MATERIALS PROVIDED: Begin

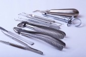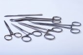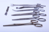 instrumenty chirurgiczne i narzędzi takich jak Skalpele, kleszcze pęseta ułożone na stole do zabiegu
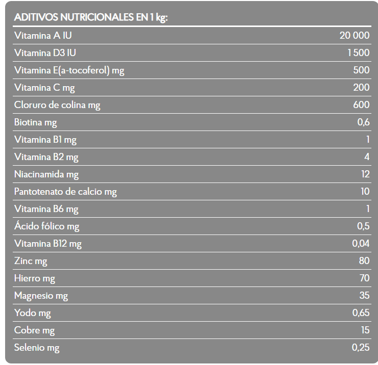 Carne de cordero deshidratada (40%), arroz (36%), grasa de pollo (preservada con tocoferoles), manzanas deshidratadas, aceite de salmón (2%), sabores naturales, levadura de cerveza, conchas de crustáceo hidrolizadas (fuente de glucosamina, 260 mg/kg), extracto de cartílago (fuente de condroitina, 160 mg/kg), manano-oligosacáridos (150 mg/kg), hierbas y frutas (romero, clavo de olor, cítricos, cúrcuma, 150 mg/kg), fructo-oligosacáridos (100 mg/kg), yucca schidigera (100 mg/kg), inulina (90 mg/kg), cardo mariano (75 mg/kg).
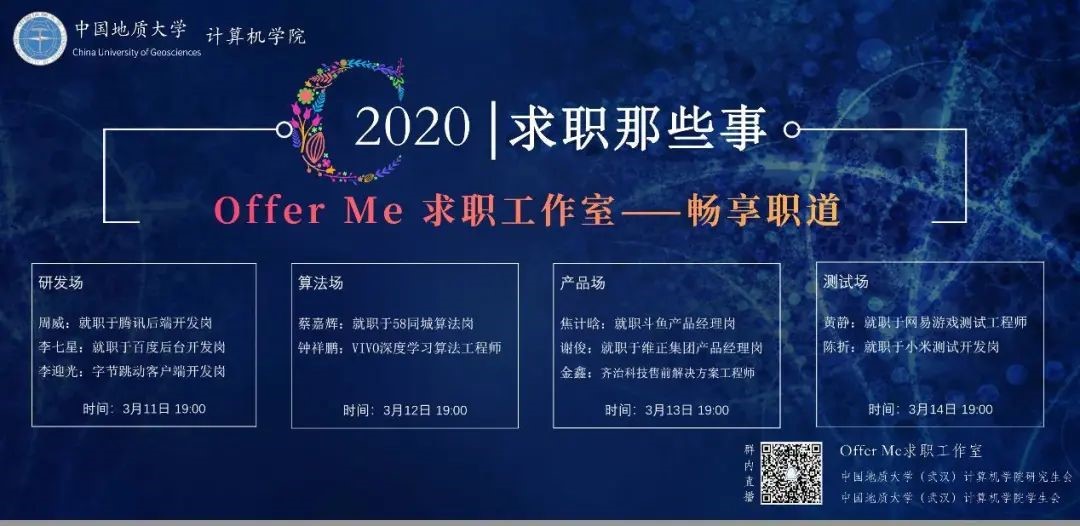 3月11日至3月14日晚,英国365集团网站研究生会“offer me 求职漫谈”经验分享系列活动成功举办。疫情当前,停课不停学,隔离不隔爱。活动共邀请11位学长学姐在线分享求职经验,并深入讲解和剖析求职技巧。
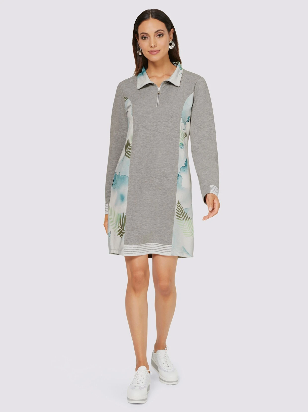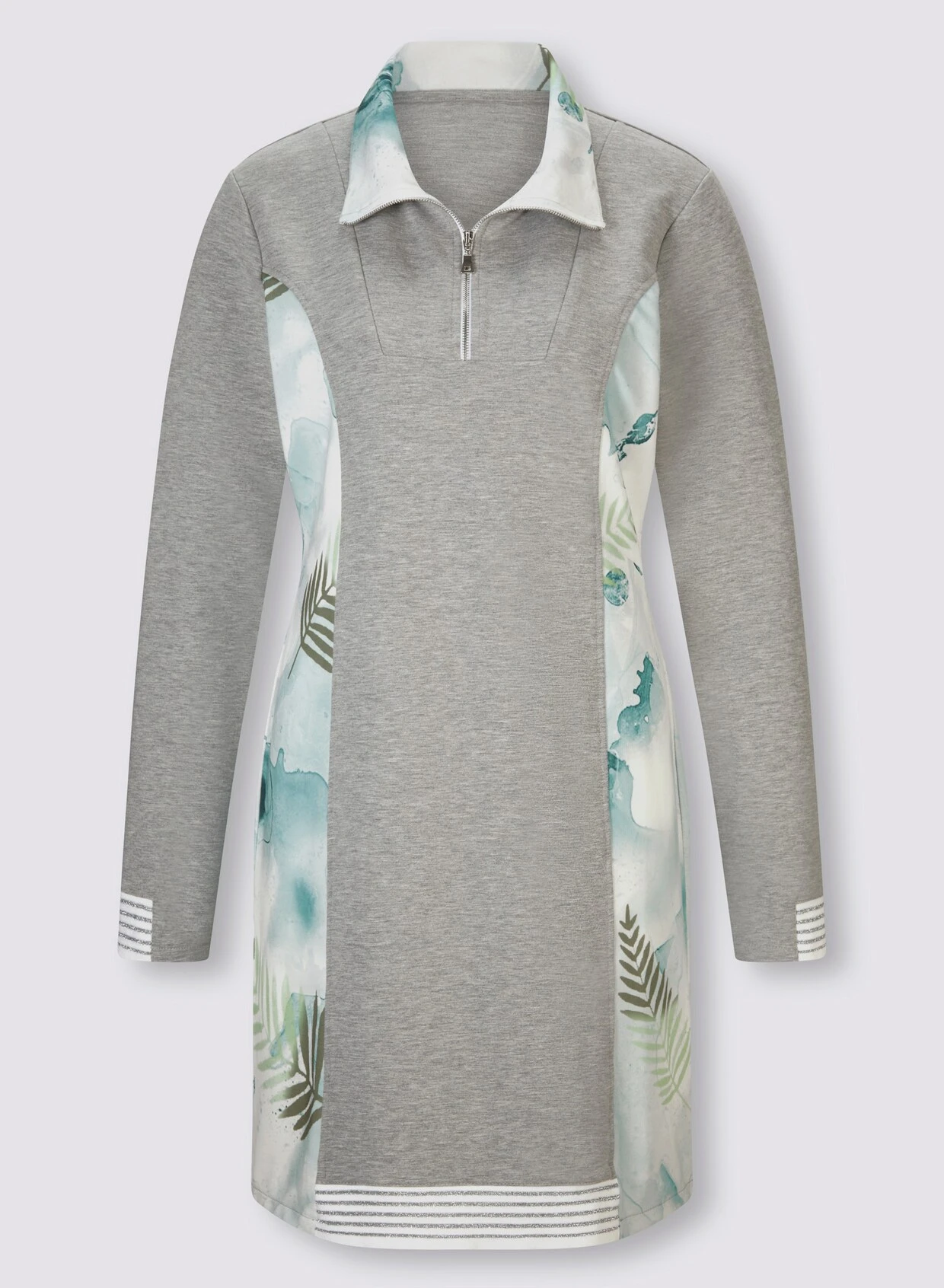 Sweatkleid Angesagtes Detail: der lässige Troyerkragen mit Zipper. Effektvolle Druck-Einsätze seitlich und im Innenkragen. Teilbündchen mit Effektgarn an Langarm und Saum. Bequeme und geschmeidige Ware.
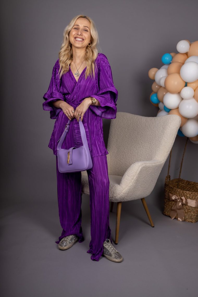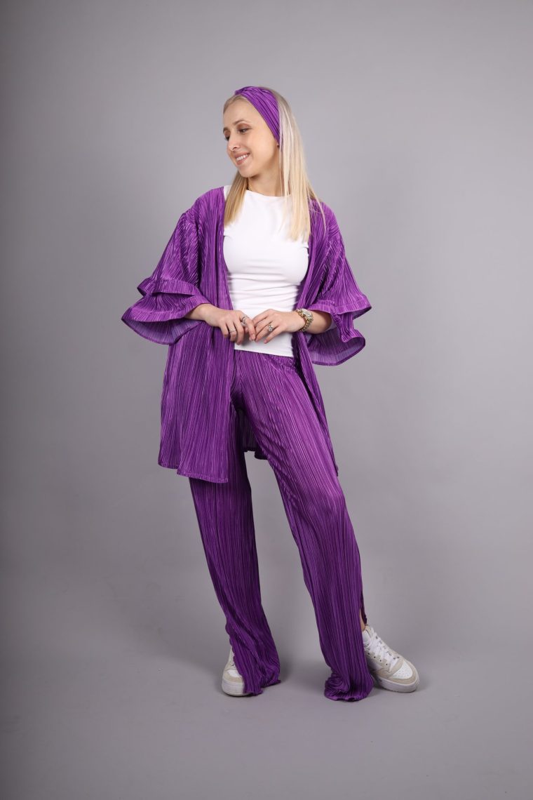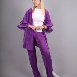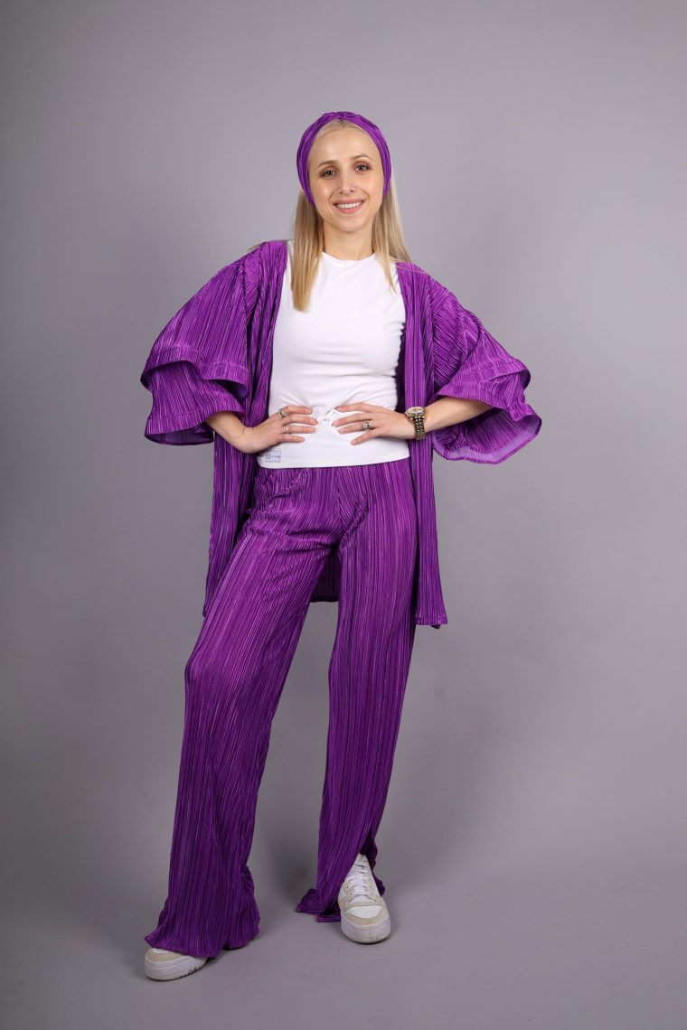 Reina set elegantna ljubičasta tkanina izrađena je od 100% poliestera, što joj daje izuzetnu izdržljivost i dugotrajnost. Materijal je lagan, prijatan na dodir i omogućava koži da diše, što ga čini idealnim za cjelodnevno nošenje. Poliester osigurava da boja ostane intenzivna i postojana čak i nakon više pranja. Glatka tekstura pruža osjećaj luksuza i dodatnu udobnost pri svakom pokretu. Ljubičasta nijansa donosi sofisticiran i moderan izgled koji se lako uklapa u različite stilove i prilike. Materijal se lako održava, brzo se suši i otporan je na gužvanje.
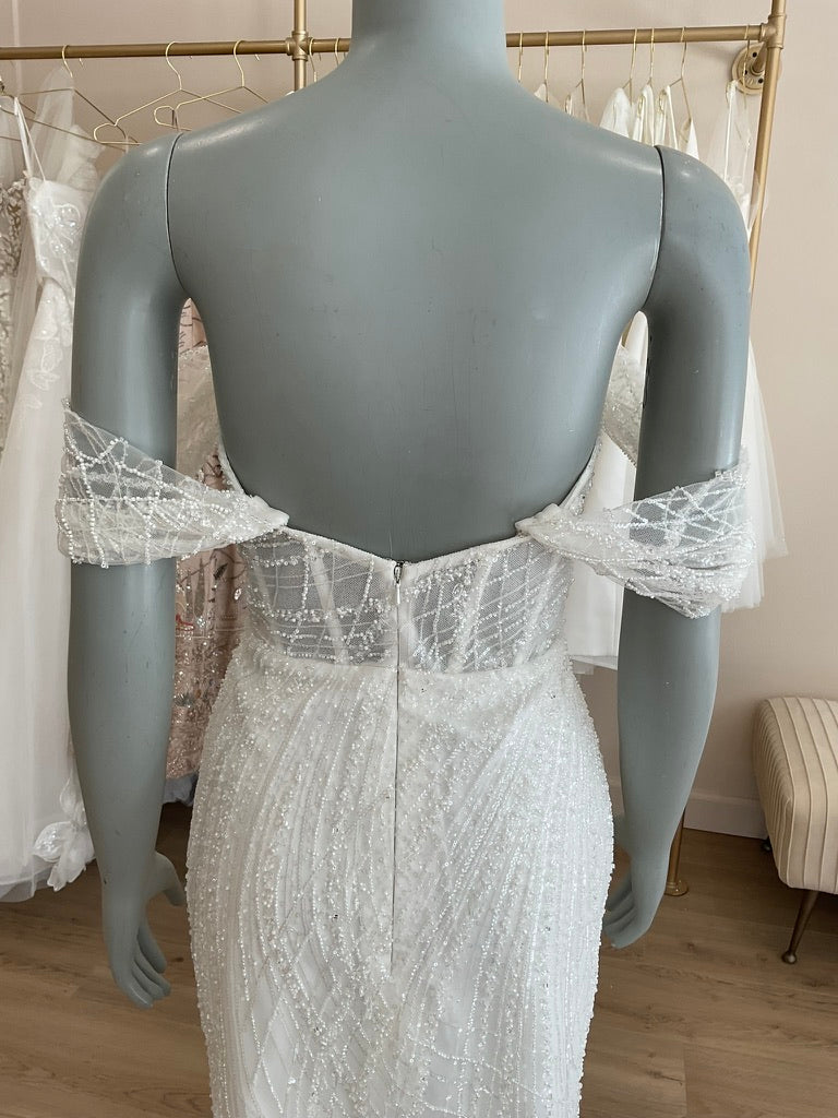 LOCAL TO LA-We would love to host you for a private one hour appointment in our Beverly Hills Showroom. During our time together, you will try on this gown and any others you would like and bring two guests with you. Click here for an in-store Appointment

MATERIALS PROVIDED: End

* REQUIRED ACTION
Return word for word the lines from the beginning of the entries through the line that contains "Sweatkleid Angesagtes Detail: der", both ends included, but no pictures.

* EXERCISE SOLUTION
 instrumenty chirurgiczne i narzędzi takich jak Skalpele, kleszcze pęseta ułożone na stole do zabiegu
 Carne de cordero deshidratada (40%), arroz (36%), grasa de pollo (preservada con tocoferoles), manzanas deshidratadas, aceite de salmón (2%), sabores naturales, levadura de cerveza, conchas de crustáceo hidrolizadas (fuente de glucosamina, 260 mg/kg), extracto de cartílago (fuente de condroitina, 160 mg/kg), manano-oligosacáridos (150 mg/kg), hierbas y frutas (romero, clavo de olor, cítricos, cúrcuma, 150 mg/kg), fructo-oligosacáridos (100 mg/kg), yucca schidigera (100 mg/kg), inulina (90 mg/kg), cardo mariano (75 mg/kg).
 3月11日至3月14日晚,英国365集团网站研究生会“offer me 求职漫谈”经验分享系列活动成功举办。疫情当前,停课不停学,隔离不隔爱。活动共邀请11位学长学姐在线分享求职经验,并深入讲解和剖析求职技巧。
 Sweatkleid Angesagtes Detail: der lässige Troyerkragen mit Zipper. Effektvolle Druck-Einsätze seitlich und im Innenkragen. Teilbündchen mit Effektgarn an Langarm und Saum. Bequeme und geschmeidige Ware.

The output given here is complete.